Exercise brief: Please write out the full listing beneath this line exactly, skipping its images.

Information supplied Start Marker

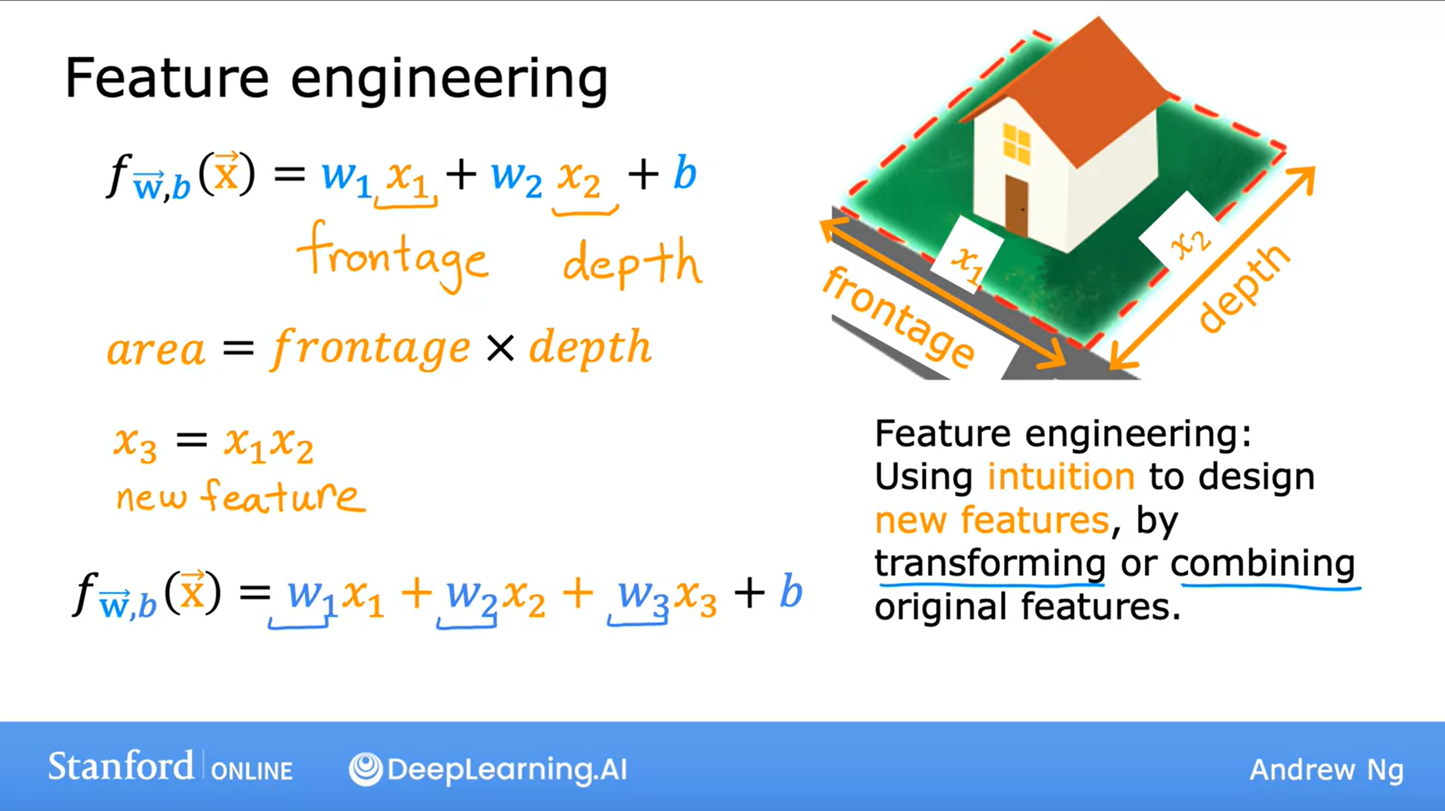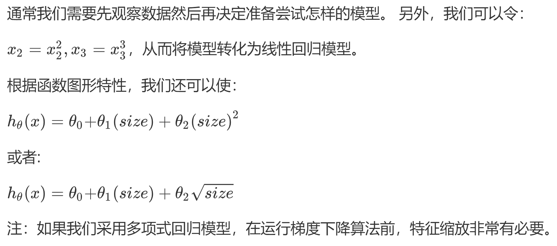 像图片中,通过frontage和width的乘积创建了新的feature,同样可以引入到函数中,以提升预测的精度。
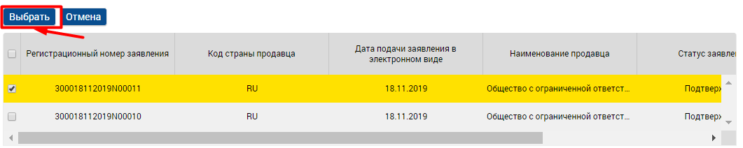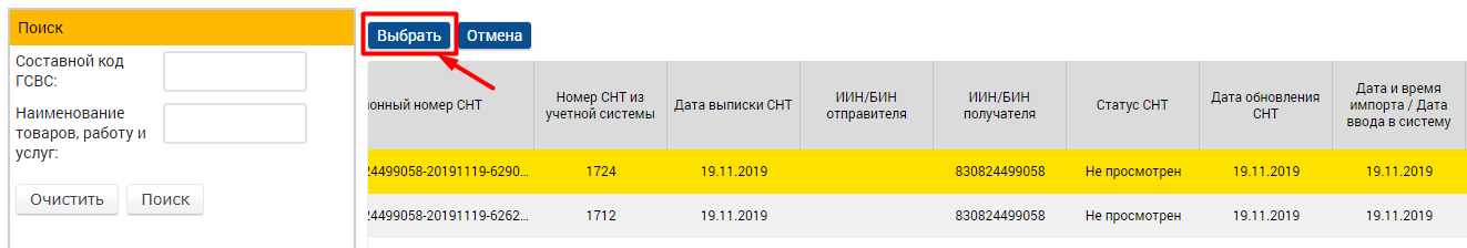 12. Выберите необходимую СНТ из списка и нажмите кнопку «Выбрать».
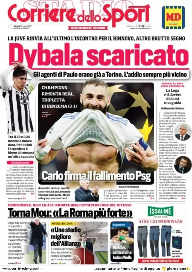 Nell'edizione di oggi il Corriere dello Sport apre in prima pagina con il rinvio dell'incontro tra la Juventus e Dybala per il rinnovo del contratto dell'argentino: "Dybala scaricato. Gli agenti di Paulo erano già a Torino. L'addio sempre più vicino". A centro pagina spazio all'incredibile rimonta del Real Madrid in Champions League: "Carlo firma il fallimento del Psg". In taglio basso spazio alle dichiarazioni di Mourinho prima dell'ottavo di finale di Conference League: "La Roma più forte".

Information supplied End Marker

Solution to this exercise:
 像图片中,通过frontage和width的乘积创建了新的feature,同样可以引入到函数中,以提升预测的精度。
 12. Выберите необходимую СНТ из списка и нажмите кнопку «Выбрать».
 Nell'edizione di oggi il Corriere dello Sport apre in prima pagina con il rinvio dell'incontro tra la Juventus e Dybala per il rinnovo del contratto dell'argentino: "Dybala scaricato. Gli agenti di Paulo erano già a Torino. L'addio sempre più vicino". A centro pagina spazio all'incredibile rimonta del Real Madrid in Champions League: "Carlo firma il fallimento del Psg". In taglio basso spazio alle dichiarazioni di Mourinho prima dell'ottavo di finale di Conference League: "La Roma più forte".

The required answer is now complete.